CEO da Gooroo Crédito explica como o uso do FGTS como garantia e teto de juros de 1,99% ao mês fortalecem a concorrência entre instituições financeiras e ampliam as oportunidades para trabalhadores com carteira assinada
São Paulo, julho de 2026 - A regulamentação do uso do Fundo de Garantia do Tempo de Serviço (FGTS) como garantia nas operações do Crédito do Trabalhador inaugura uma nova dinâmica no mercado de crédito consignado privado. Ao estabelecer um teto de juros de 1,99% ao mês para operações que utilizarem essa modalidade de garantia, a medida amplia a concorrência entre as instituições financeiras, reduz o custo do crédito e coloca o trabalhador em uma posição mais favorável na hora de contratar um empréstimo.
Na avaliação de Rodolfo Takahashi, CEO da Gooroo Crédito, fintech especializada em Crédito do Trabalhador, a principal mudança está no equilíbrio das relações entre consumidores e instituições financeiras. "Durante muito tempo, o acesso às melhores condições de crédito dependia do perfil do cliente ou do relacionamento que ele mantinha com determinado banco. Com a padronização das garantias e um limite para as taxas de juros, o trabalhador ganha mais poder de negociação e passa a contar com um mercado muito mais competitivo”, afirma.
Segundo o especialista, a regulamentação também reduz uma das principais barreiras para a concessão de crédito: o risco das operações. "Ao utilizar parte do FGTS como garantia, o risco para as instituições diminui. Isso permite que mais bancos disputem esse cliente, criando um ambiente de maior concorrência. No fim da cadeia, quem se beneficia é o trabalhador, que passa a encontrar ofertas mais atrativas e compatíveis com sua capacidade financeira”, comenta Takahashi.
Outro ponto destacado pelo executivo é que a medida democratiza o acesso ao crédito de menor custo. Na prática, trabalhadores que antes enfrentavam dificuldades para conseguir financiamento em condições favoráveis passam a ter mais alternativas, sem depender exclusivamente da instituição em que possuem conta. "O trabalhador deixa de ficar restrito às condições oferecidas pelo seu banco e passa a ter liberdade para comparar propostas de diferentes instituições. Essa concorrência é saudável porque pressiona o mercado a oferecer taxas menores, maior transparência e melhores condições de contratação”.

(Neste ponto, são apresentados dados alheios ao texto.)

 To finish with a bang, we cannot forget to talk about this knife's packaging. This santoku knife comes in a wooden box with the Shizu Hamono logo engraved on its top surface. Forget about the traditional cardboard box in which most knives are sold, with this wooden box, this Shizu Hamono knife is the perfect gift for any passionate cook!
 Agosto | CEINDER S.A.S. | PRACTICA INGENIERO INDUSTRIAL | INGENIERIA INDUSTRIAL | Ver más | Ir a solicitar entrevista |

Além da redução dos juros, a regulamentação também traz mais segurança ao consumidor. O saldo do FGTS permanece na conta vinculada do trabalhador e somente poderá ser utilizado nas hipóteses previstas na legislação, funcionando exclusivamente como garantia da operação. Para o porta-voz, isso representa uma evolução importante na educação financeira do país.
"O crédito deixa de ser uma solução emergencial, normalmente associada a juros elevados, e passa a ser um instrumento de planejamento financeiro. Quando o trabalhador consegue acessar recursos com taxas menores, ele pode substituir dívidas mais caras, reorganizar o orçamento e preservar sua saúde financeira", afirma.

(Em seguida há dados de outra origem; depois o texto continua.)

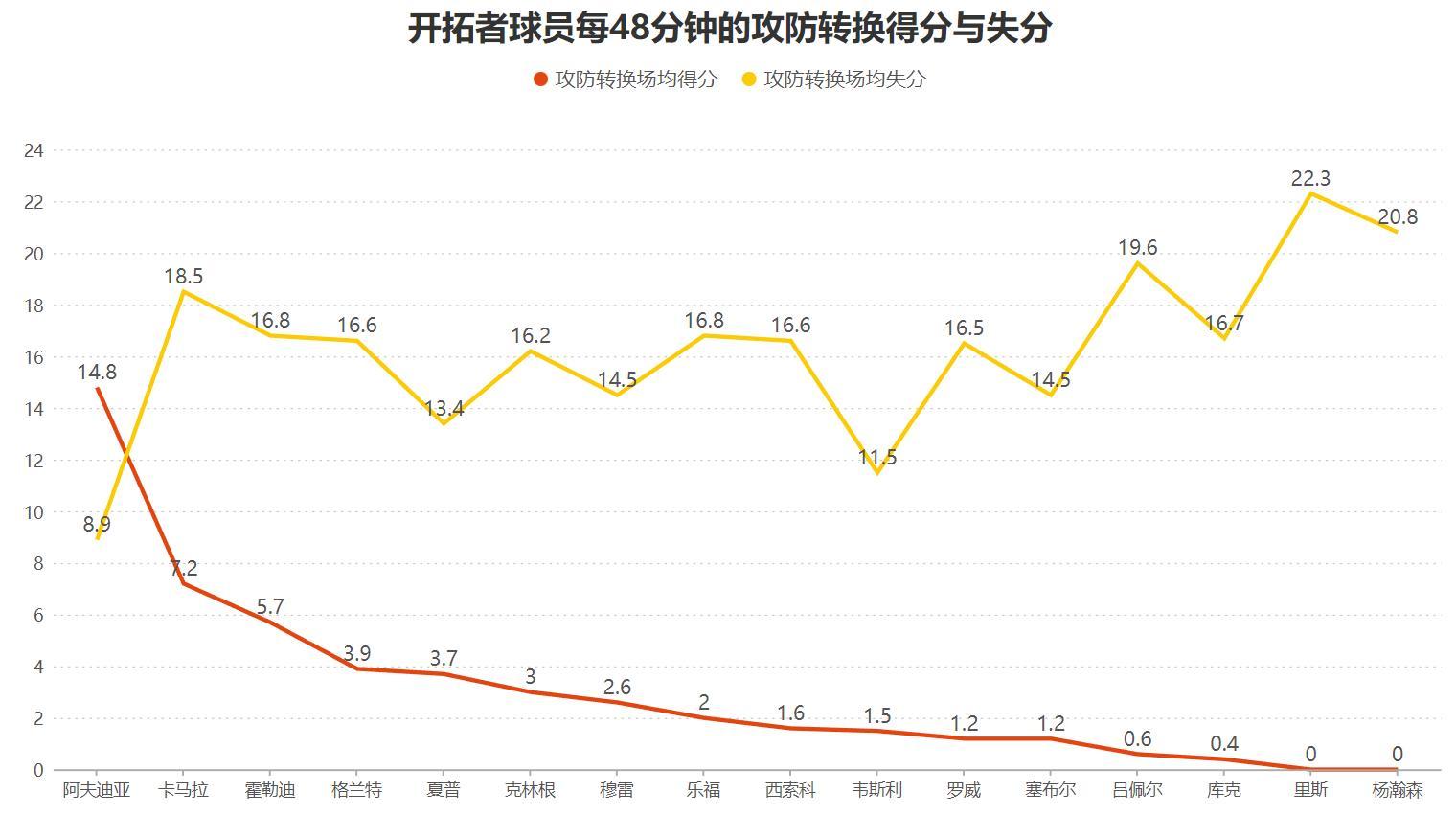 其二是楊瀚森的運動能力,這一點也是限制他最大的因素,楊瀚森目前爲止在攻防轉換方面的得分數爲零,這意味着他沒有任何反擊與快攻得分,反而當他在場時開拓者每48分鐘的攻防轉換失分達到了20.8分,這意味着楊瀚森的在場會令開拓者的陷入更慢的攻防狀態,而他在場時的攻防轉換失分也僅少於庫克,當然,庫克的總出場時間比楊瀚森還要少。
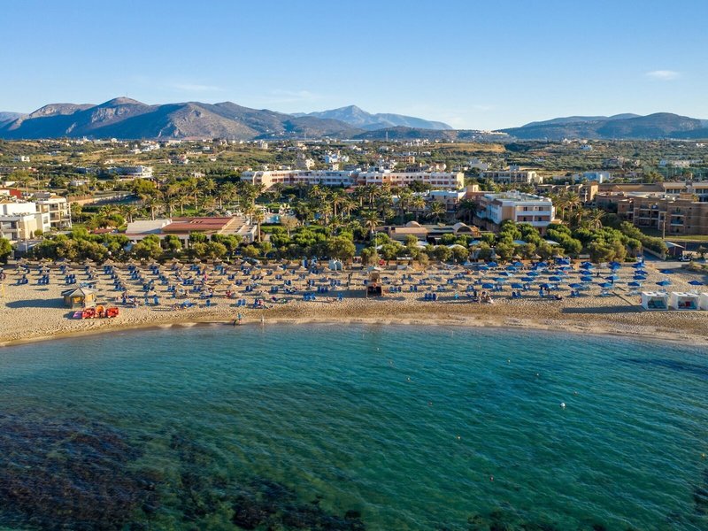 Poloha a okolie Priamo na mierne sa zvažujúcej 2,5 km dlhej piesočnato/kamienkovej pláži. Cca 4 km do Chersonissosu, dobré autobusové spojenie, zastávka blízko hotela. Bary, kaviarne, taverny a rôzne nákupné možnosti v okolí.
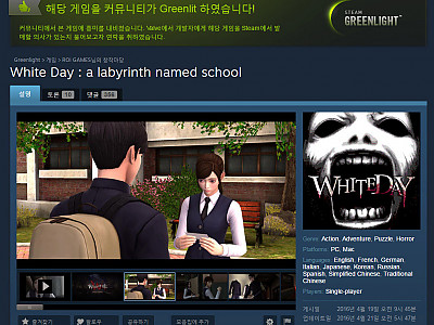 - 화이트데이, 이틀 만에 스팀 그린라이트 통과! (Greenlit)- 국내외 유저들로부터 뜨거운 호응 받고 이례적으로 단기간에 그린라이트 통과- 15년 만에 PC 플랫폼으로의 재도전. 2016년 상반기중 PC 버전 출시 예정15년 만에 다시 한 번 PC 플랫폼으로의 ‘귀환’을 선언한 [화이트데이: 학교라는 이름의 미궁]이 첫 번째 관문이라고 할 수 있는 …
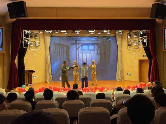 接着,文艺展演以情景剧、主题演讲、小品形式展开。情景剧《金色的鱼钩》,再现了红军长征过草地的场景,是对红军长征胜利85周年的一种纪念;演讲《洪水中的那一抹“忠诚蓝”》,讲述了感动中国2020年度人物陈陆的故事,歌颂了一个用生命践行承诺的消防员战士。《生命的颜色》《禾下乘凉梦》《随党做人》《时代匠心——蔡君杰》等节目围绕红色历史故事、时代新人、工匠人物等方面,以激情的演讲和生动形象的表演诠释了中国人骨子里的红色基因,展现了新时代大学生的风采,激励全体同学听党话、感党恩、跟党走。

Entre os principais benefícios trazidos pela nova regulamentação, o especialista destaca:juros limitados a 1,99% ao mês nas operações com garantia;
aumento da concorrência entre bancos e instituições financeiras;
maior poder de negociação para o trabalhador;
possibilidade de comparar ofertas antes da contratação;
ampliação do acesso ao crédito consignado privado;
redução do custo total dos empréstimos;
menor risco de superendividamento.
Por fim, Rodolfo ressalta que a combinação entre garantias mais robustas e maior competição entre as instituições representa um avanço importante para o mercado brasileiro de crédito.
"Quando todos os participantes operam com regras mais equilibradas, o mercado se torna mais eficiente. O trabalhador ganha mais opções, as instituições competem pela qualidade das ofertas e o crédito passa a cumprir melhor seu papel de apoiar a organização financeira das famílias. É uma mudança que beneficia toda a cadeia”, conclui.